If Jayson Williams's new gig as an NBA analyst for NBC becomes too mundane for him, he should head over to HBO and demand his own comedy special. Before his debut on the Nov. 3 coverage of Michael Jordan's return against the Knicks, Williams offered the kind of verbal grenades that should make him a favorite with NBA viewers who flock to Charles Barkley for similar off-the-cuff commentary on Turner Sports. To wit:
? Williams on Michael Jordan: "I know he's going to get into better condition, but there are three ages of a man. There's youth and middle age, and there's 'Uh, you look good.' Against the Knicks he was Uh, you look good."
?On Sixers coach Larry Brown: "As a coach, Brown can go in and out on you. Today you're his favorite player, tomorrow you're Saddam Hussein."
?On David Robinson: "I never saw anybody so scared of Shaquille O'Neal as he was last year. I'd like to pick San Antonio to win it all, but I don't know which David Robinson will show up—the Admiral, the Private or the Boy Scout."

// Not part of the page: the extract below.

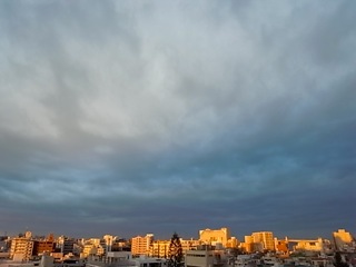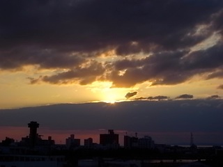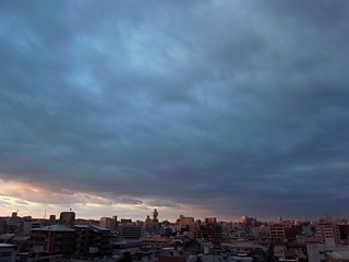 紅に染まる那覇の街。ドラマチックな空模様の変化。
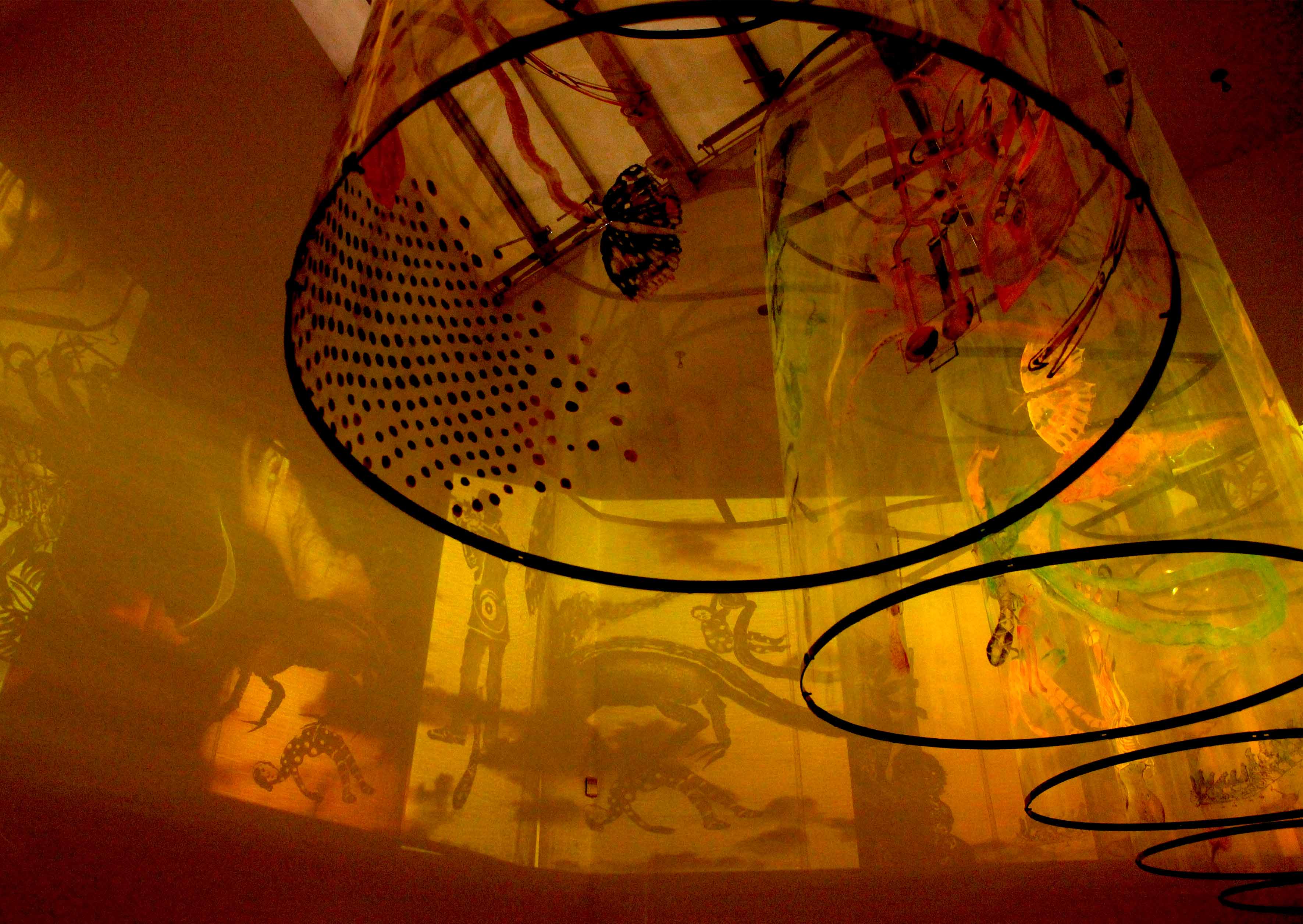 À l’aide d’icônes féminines de la mythologie indienne (Radha, Sita) ou occidentale (Medée, Cassandre) ou bien de personnages comme Alice au pays des merveilles, Nalini Malani explore la condition féminine d’hier et d’aujourd’hui.

?On Barkley: "I'm not trying to get it on with Charlie. He was a better player than me, and he can talk more s—-than me."
Based on the debut broadcast of the rejiggered NBA on NBC studio show—featuring new faces Williams, former 76ers president Pat Croce and former coach Mike Fratello—it looks as if the network has a significantly better show on its hands. Any casting change would have been a improvement over P.J. Carlesimo and Kevin Johnson, who last season proved to be a better cure for sleep disorders than Ambien. Not surprisingly, the 33-year-old Williams was jacked up on opening night, going for too many one-liners, but he showed why he'll be entertaining throughout the season. After Croce took umbrage at Brown's claims that Croce had meddled in the relationship between Brown and Allen Iverson, Williams was quick to crack, "There goes your Jesse Jackson status as a mediator."
Although he has a two-year deal with NBC and plans to make a career in broadcasting, Williams, who retired after the 1999-2000 season because of a leg injury, concedes that he still dunks about a comeback as a player. "The studio stuff is great, but I miss the game so much," he says. "You don't know how much you miss your water until your well runs dry."